Simple teamfight detection model based on only player health turned out to be very good

The simple model exceeded expectations and matched up very well to manual identification. This model will be used as is for the following analysis.

Data Visualization¶

With the data collected and teamfights identified, overviews for each round was generated.

Match	Round 1 Data	Round 2 Data	Round 3 Data
Semi-Finals: Seoul Dynasty vs San Francisco Shock
Semi-Finals: Philadelphia Fusion vs Shanghai Dragons
Winners' Finals: San Francisco Shock vs Shanghai Dragons
Losers' Round 1: Seoul Dynasty vs Philadelphia Fusion
Losers' Finals: Seoul Dynasty vs Shanghai Dragons	Unavailable	Unavailable	Unavailable
Grand Finals: Seoul Dynasty vs San Francisco Shock

Click to thumbnail to see full image

Teamfight Analysis¶

Unfortunately, there were fewer than 100 teamfights in total through the analysis of these 5 matches. The grounds for drawing conclusion from the analysis below is weak, but it should serve as a demonstration of what is possible with the data extracted.

First Fight Win Rate¶

For the first teamfight, teams are on even ground. Let's see if certain teams do better than others.

With only 11 first fights, the outcome is split quite evenly

First Kill Win Rate¶

Often, teams with the first kill are more likely to win the teamfight. Let's see if this is the case.

Look at Seoul Dynasty winning all fights that they had first kill!

Oh, they only had first kill four times, less than 15% of team fights

Ultimate Advantage¶

There is a strong believe that the team having ultimate advantage has a significantly higher chance of winning the next team fight, let's see if it is the case.

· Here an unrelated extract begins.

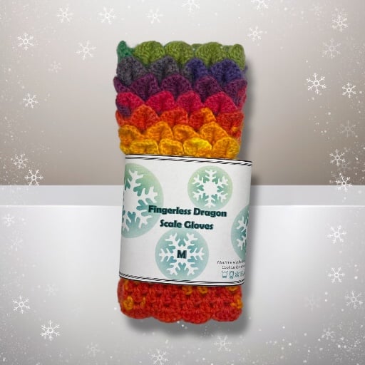 These crocheted fingerless gloves have been made from a 80% Acrylic, 20% Wool yarn. The top part of the gloves is made with a lovely dragon scale stitch. They are nice and cosy for those chilly days, but offer the flexibility of having your fingers free to perform fiddly tasks.

There appears to be insufficient data to spot a trend

Teamfight Duration¶

Let's explore if there are any relationship between teamfight length and win rates for teams.

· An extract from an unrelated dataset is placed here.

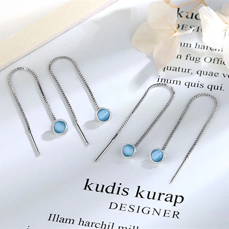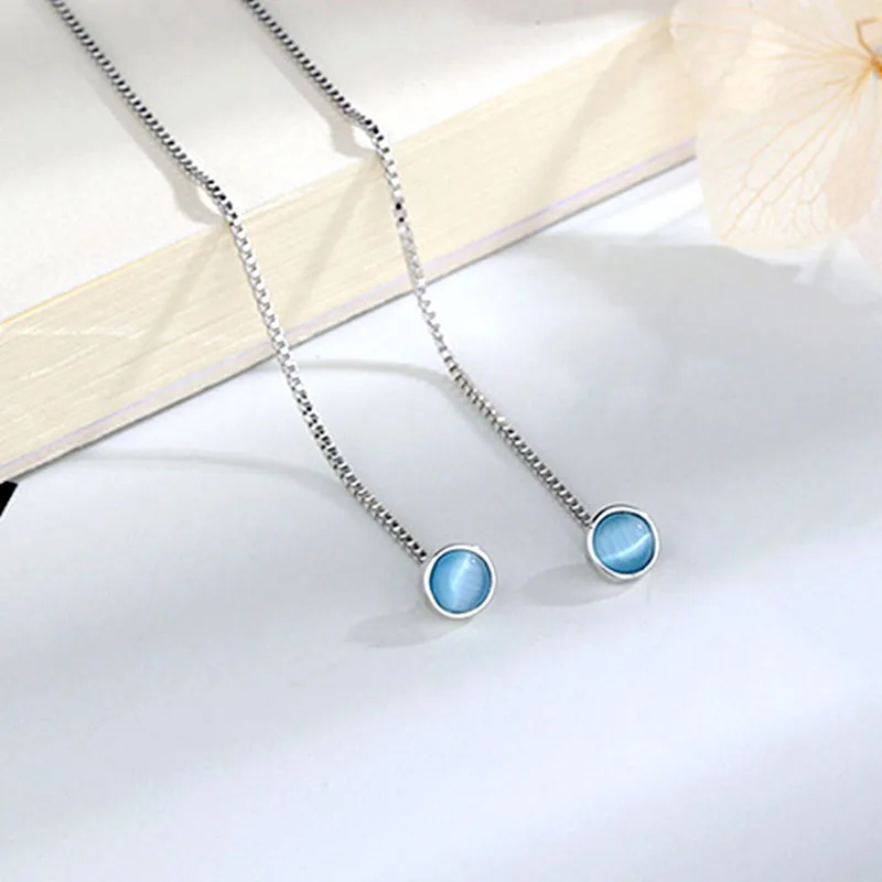 Женские длинные серьги с голубым опалом, посеребренные серьги S925,...

Shanghai Dragons might want to work on their shorter fights

Future Works¶

Improvements can be made to the current state of the project, namely:

The Keras number classification model could definitely be more efficient
The current video capture process still requires too much manual input and validation
I was unable to extract individual hero ability usage and cooldowns, that should be significantly interesting when extracted
The teamfight detection could be more precise with more data as reference

Using computer vision to extract data and insights from Overwatch replays are technically feasible. However some limitations exists, for example, it's currently not possible to track damage source, and certain animations (D.Va calling down her mech) blocks out the UI completely for a split second.